19. The grounds also argue the judge’s reasons as to the appellant’s private and family life as per Article 8 ECHR were inadequate, amounting to an error of law. At paragraph 62, the judge does not adopt a structured approach to the assessment. There is no express consideration of the weight to be given to the appellant’s length of residence, her private life or her relationships with her daughter and grandchildren despite evidence that the appellant was a carer for the latter. The judge has not carried out a proper balancing exercise taking those factors into account. We find some force in Ms Everett’s point that the evidence before the First tier Tribunal was very thin and there was no evidence at all from the appellant’s daughter. However, we find the lack of identification and balancing of these factors is material to the article 8 assessment and it was incumbent upon the judge to adopt such an approach. Thus, we find the judge has erred in law in this regard.

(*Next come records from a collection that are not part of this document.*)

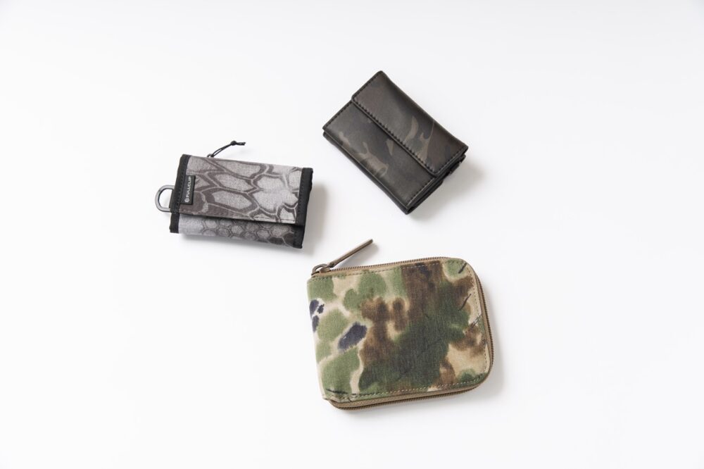 キャッシュレス時代に合わせた小型のウォレットが充実。すべてミルスペックの生地。上/ツーアングル8745円、中/コンパクトスクリーン3740円、下/マイティウォーリア1万5950円
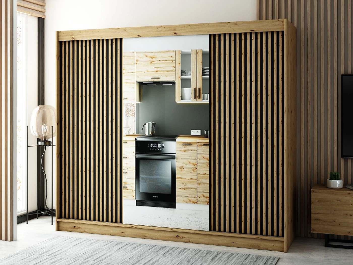 Je už len na vašej preferencii, ktorý druh sa hodí práve vám. Ako sme spomenuli vyššie, mnohé modely majú na stredných dverách zrkadlo. Tieto skrine odrážajú svetlo, čiže opticky presvetlia celý priestor. V našej ponuke však nájdete aj modely bez zrkadla. Pozor na tmavšie prevedenia, ktoré by mohli spôsobiť veľké “zaťaženie” celej izby.
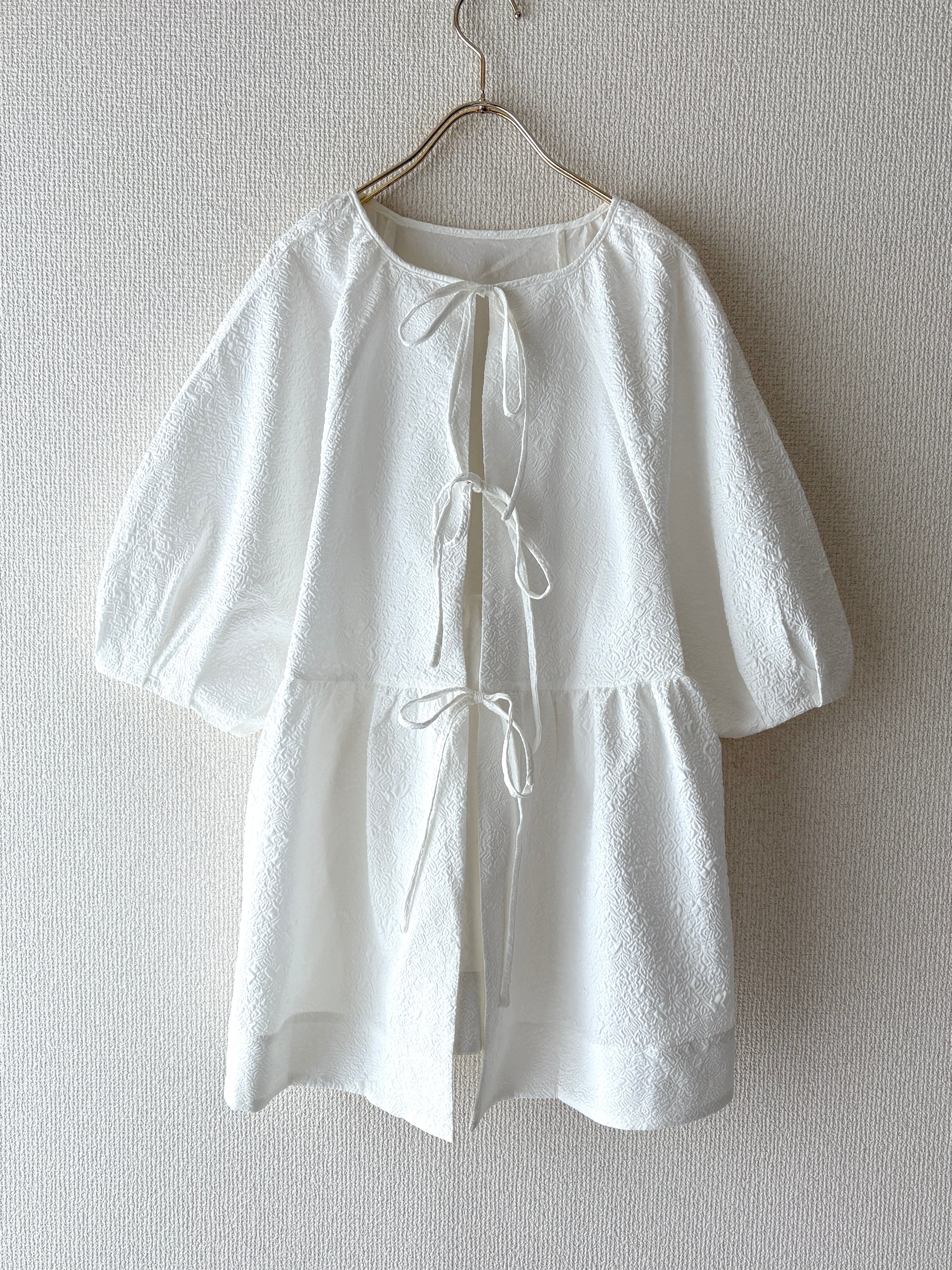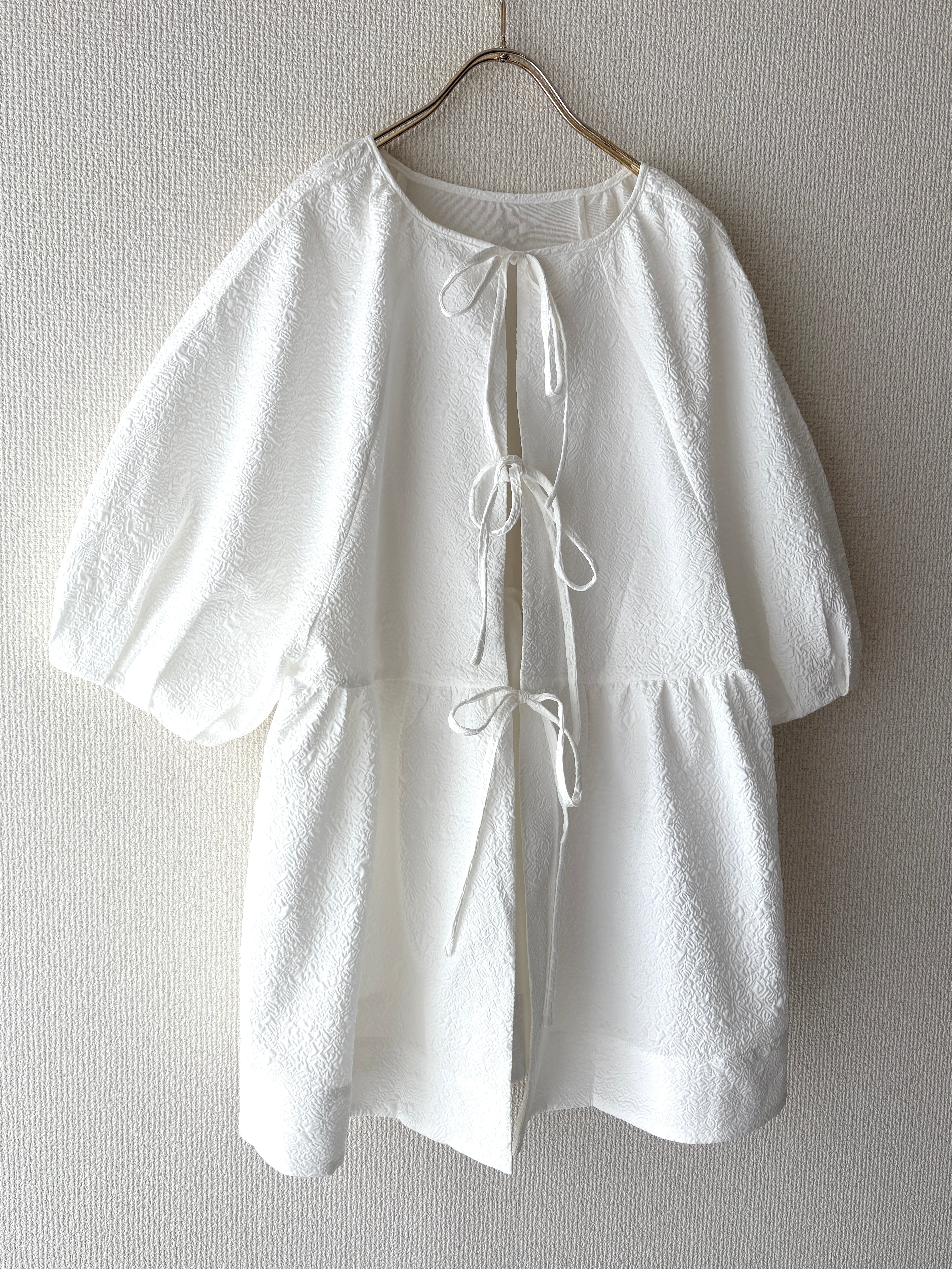 表情のある表面感とペプラムデザインが上品な女性らしさを演出してくれるブラウスです。

20. In these circumstances, we set aside the decision of the First-tier Tribunal. As there is no error of law in relation to the appellant’s protection claim, the findings in paragraphs 58 to 65 and 68 to 73 are preserved. The sole issue on re-making is whether the appellant’s removal from the United Kingdom would be a disproportionate interference with her right to respect for private and family life contrary to Article 8 of the European Convention on Human Rights.
21. Given the limited extent of fact-finding required, and the fact that the effect of the errors was not to deprive either party of a fair hearing and having regard to paragraph 7.3 of the Senior President’s Practice Statement, the proper disposal of this appeal is to retain it, in the Upper Tribunal.

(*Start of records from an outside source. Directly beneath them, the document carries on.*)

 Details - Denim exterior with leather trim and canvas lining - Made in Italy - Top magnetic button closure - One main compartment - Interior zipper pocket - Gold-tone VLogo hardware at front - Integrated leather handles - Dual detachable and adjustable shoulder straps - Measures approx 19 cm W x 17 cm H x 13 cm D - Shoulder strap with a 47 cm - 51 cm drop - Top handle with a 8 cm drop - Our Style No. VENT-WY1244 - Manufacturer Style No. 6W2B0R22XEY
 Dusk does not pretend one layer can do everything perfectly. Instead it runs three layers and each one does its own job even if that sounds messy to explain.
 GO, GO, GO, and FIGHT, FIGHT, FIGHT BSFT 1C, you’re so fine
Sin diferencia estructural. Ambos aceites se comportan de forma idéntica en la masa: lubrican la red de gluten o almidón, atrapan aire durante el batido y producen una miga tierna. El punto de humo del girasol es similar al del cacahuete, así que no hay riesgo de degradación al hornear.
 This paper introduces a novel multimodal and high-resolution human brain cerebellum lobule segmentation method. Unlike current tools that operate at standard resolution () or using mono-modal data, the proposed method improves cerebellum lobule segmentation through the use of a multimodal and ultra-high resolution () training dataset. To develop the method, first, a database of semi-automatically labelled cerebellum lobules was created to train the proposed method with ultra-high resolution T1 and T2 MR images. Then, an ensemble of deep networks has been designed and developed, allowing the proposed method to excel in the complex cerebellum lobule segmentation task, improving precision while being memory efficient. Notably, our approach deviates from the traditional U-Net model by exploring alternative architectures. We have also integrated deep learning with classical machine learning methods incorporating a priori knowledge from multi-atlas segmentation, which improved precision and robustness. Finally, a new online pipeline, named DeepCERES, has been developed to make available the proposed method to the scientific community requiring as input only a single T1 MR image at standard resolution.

22. We emphasise on remaking that it remains open for the appellant to adduce additional evidence, should she so wish on the live issues to be determined.

Notice of Decision
23. The making of the decision of the First-tier Tribunal did involve the making of a material error of law. As such it is necessary to set aside the decision.
24. We set aside the decision of the First-tier Tribunal.
Listing Directions
i. The remaking of the appellant’s appeal is to be relisted for a face to face hearing on the first available date after 14 March 2025 before Judge Jackson with a time estimate of 2 hours.
ii. The appellant shall inform the Tribunal promptly if she requires an interpreter.
iii. No later than 21 days before the re-listed hearing, the appellant to file and serve upon all parties:
(a) a composite bundle that should be paginated, indexed, bookmarked and text searchable.
(b) Any further evidence upon which the appellant wishes to rely. For any person intending to give oral evidence, this must include a written statement accompanied by a statement of trust and be signed and dated by him/her to stand as evidence in chief.
iv. No later than 7 days before the re-listed hearing, the respondent to file and serve upon all parties, any further evidence in response the appellant’s bundle.